— Goal of the exercise —
Using the material below, print a verbatim copy of every line from the one containing "(PLVN) - Sau" through the one containing "قَالَ: أَخْبَرَنَا أَحْمَدُ", inclusive, and omit the pictures.

— The input —
┏━━

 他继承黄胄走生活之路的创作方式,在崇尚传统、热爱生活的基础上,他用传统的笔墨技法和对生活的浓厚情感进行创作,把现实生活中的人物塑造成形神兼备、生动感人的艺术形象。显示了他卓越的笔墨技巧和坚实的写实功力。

┗━━
┏━━

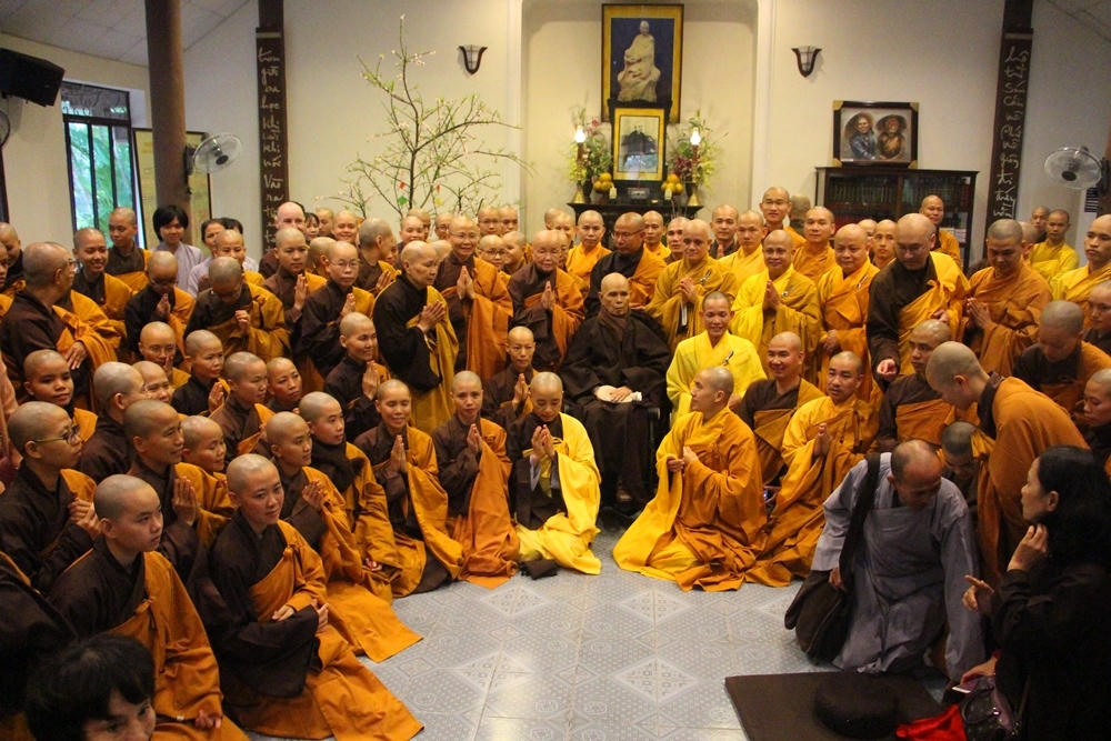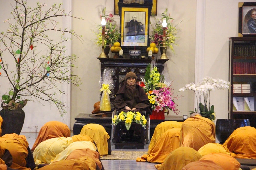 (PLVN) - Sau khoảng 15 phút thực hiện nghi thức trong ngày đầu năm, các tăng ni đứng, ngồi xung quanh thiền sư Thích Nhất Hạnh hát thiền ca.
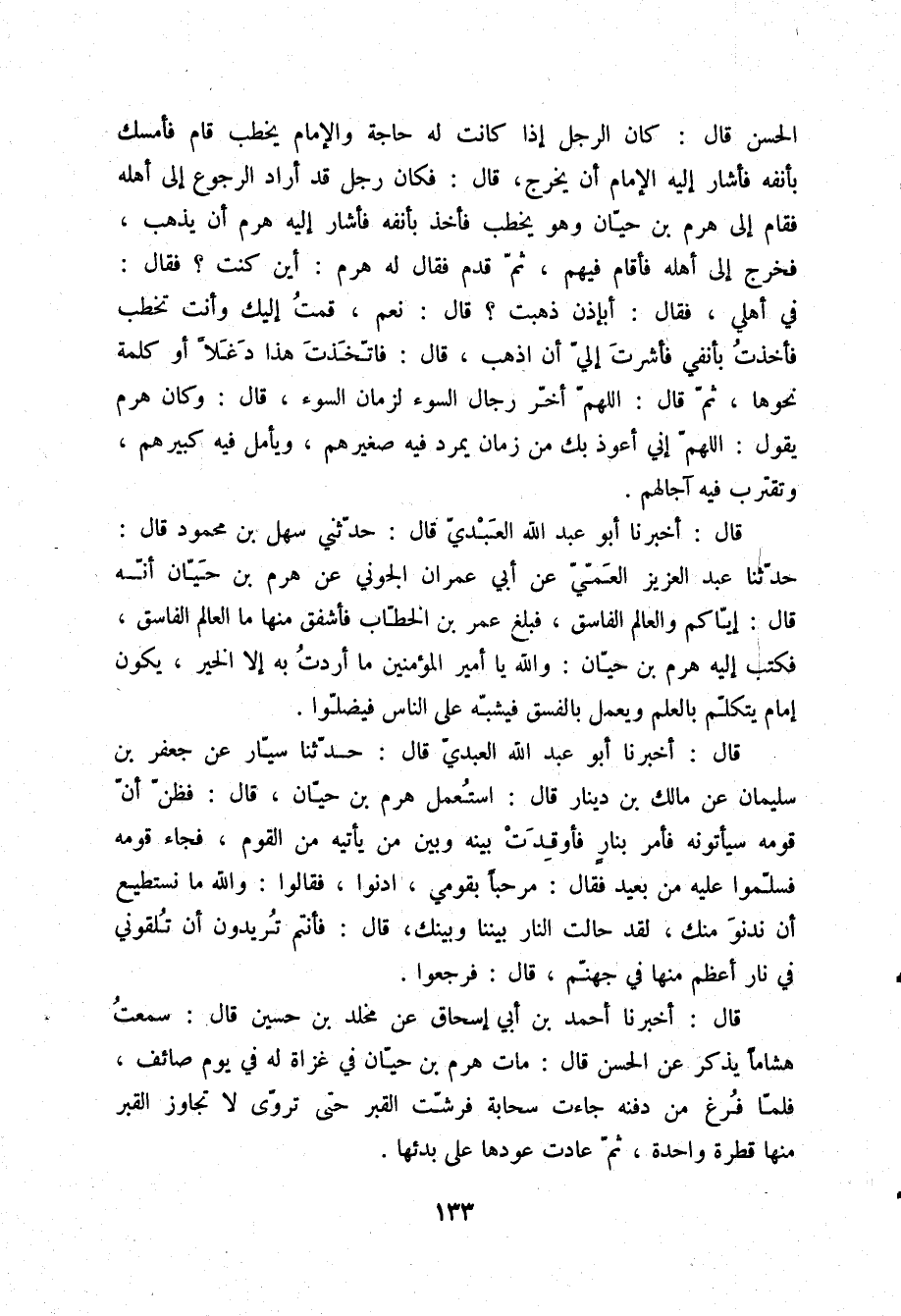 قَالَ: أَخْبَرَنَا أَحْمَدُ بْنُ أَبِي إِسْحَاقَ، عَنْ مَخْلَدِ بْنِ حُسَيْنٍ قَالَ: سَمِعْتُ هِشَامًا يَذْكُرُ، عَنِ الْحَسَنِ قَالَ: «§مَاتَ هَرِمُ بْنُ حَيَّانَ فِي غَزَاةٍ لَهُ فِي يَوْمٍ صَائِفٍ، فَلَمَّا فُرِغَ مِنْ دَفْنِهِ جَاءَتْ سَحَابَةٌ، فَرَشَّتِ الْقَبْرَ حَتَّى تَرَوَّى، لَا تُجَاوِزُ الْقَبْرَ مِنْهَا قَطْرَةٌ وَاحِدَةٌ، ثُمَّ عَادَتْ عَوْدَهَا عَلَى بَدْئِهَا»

┗━━

— Result of the exercise —
 (PLVN) - Sau khoảng 15 phút thực hiện nghi thức trong ngày đầu năm, các tăng ni đứng, ngồi xung quanh thiền sư Thích Nhất Hạnh hát thiền ca.
 قَالَ: أَخْبَرَنَا أَحْمَدُ بْنُ أَبِي إِسْحَاقَ، عَنْ مَخْلَدِ بْنِ حُسَيْنٍ قَالَ: سَمِعْتُ هِشَامًا يَذْكُرُ، عَنِ الْحَسَنِ قَالَ: «§مَاتَ هَرِمُ بْنُ حَيَّانَ فِي غَزَاةٍ لَهُ فِي يَوْمٍ صَائِفٍ، فَلَمَّا فُرِغَ مِنْ دَفْنِهِ جَاءَتْ سَحَابَةٌ، فَرَشَّتِ الْقَبْرَ حَتَّى تَرَوَّى، لَا تُجَاوِزُ الْقَبْرَ مِنْهَا قَطْرَةٌ وَاحِدَةٌ، ثُمَّ عَادَتْ عَوْدَهَا عَلَى بَدْئِهَا»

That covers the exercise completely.